Editors' Choice

Citizen Mulenge

by Joseph Diedrich

The second, and last, spare tire blew out just before noon somewhere between Butembo and Beni. Ian and I were three days out of Rwanda, heading for Mutwanga, a town in northeastern Zaire near the Ugandan border. From Mutwanga we planned to climb the Ruwenzoris, The Mountains of the Moon. It was 1993, less than a year before the Rwanda genocide, when the Hutus massacred the Tutsis and the whole region fell apart and eight years before somebody with a wonderful sense of irony changed the name of Zaire to The Democratic Republic of the Congo.

We pulled over to the side of the road, the ruined tire flopping dismally, stopped under a tree, opened the back of the old Mitsubishi we had rented in Kigali. and lifted out the first spare — the one which had blown out an hour earlier. We laid it on the road and sat down on it to wait for someone to come along who would give us a lift to somewhere where we could get it fixed. We were on the main north-south highway in Eastern Zaire, which meant that a truck ought to come by every hour or so. When one did show up we wouldn't have any trouble stopping it. What traffic there was on the Zaire highway moved at about ten miles an hour. Even at that speed we had ruined two tires that morning. That's how bad the road was — if you could call it a road.
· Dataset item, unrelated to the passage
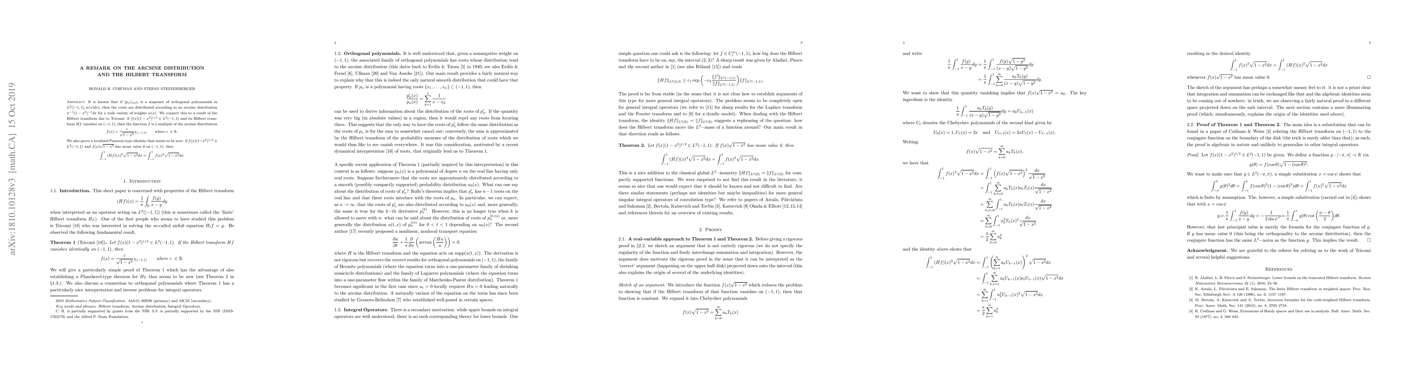 It is known that if $(p_n)_{n \in \mathbb{N}}$ is a sequence of orthogonal polynomials in $L^2([-1,1], w(x)dx)$, then the roots are distributed according to an arcsine distribution $\pi^{-1} (1-x^2)^{-1}dx$ for a wide variety of weights $w(x)$. We connect this to a result of the Hilbert transform due to Tricomi: if $f(x)(1-x^2)^{1/4} \in L^2(-1,1)$ and its Hilbert transform $Hf$ vanishes on $(-1,1)$, then the function $f$ is a multiple of the arcsine distribution $$ f(x) = \frac{c}{\sqrt{1-x^2}}\chi_{(-1,1)} \qquad \mbox{where}~c~\in \mathbb{R}.$$ We also prove a localized Parseval-type identity that seems to be new: if $f(x)(1-x^2)^{1/4} \in L^2(-1,1)$ and $f(x) \sqrt{1-x^2}$ has mean value 0 on $(-1,1)$, then $$ \int_{-1}^{1}{ (Hf)(x)^2 \sqrt{1-x^2} dx} = \int_{-1}^{1}{ f(x)^2 \sqrt{1-x^2} dx}.$$

A few minutes later the first private car that we had seen since we left Rwanda appeared, coming down from the direction of Beni. As it came closer, picking its way from pothole to pothole, we saw that it was a new Land Rover, its shiny white paint gleaming in the sun. A white man in a white suit was sitting in the rear seat. An African man wearing a chauffeur's cap was driving. A logo on the door disclosed that it was the property of an Evangelical missionary society.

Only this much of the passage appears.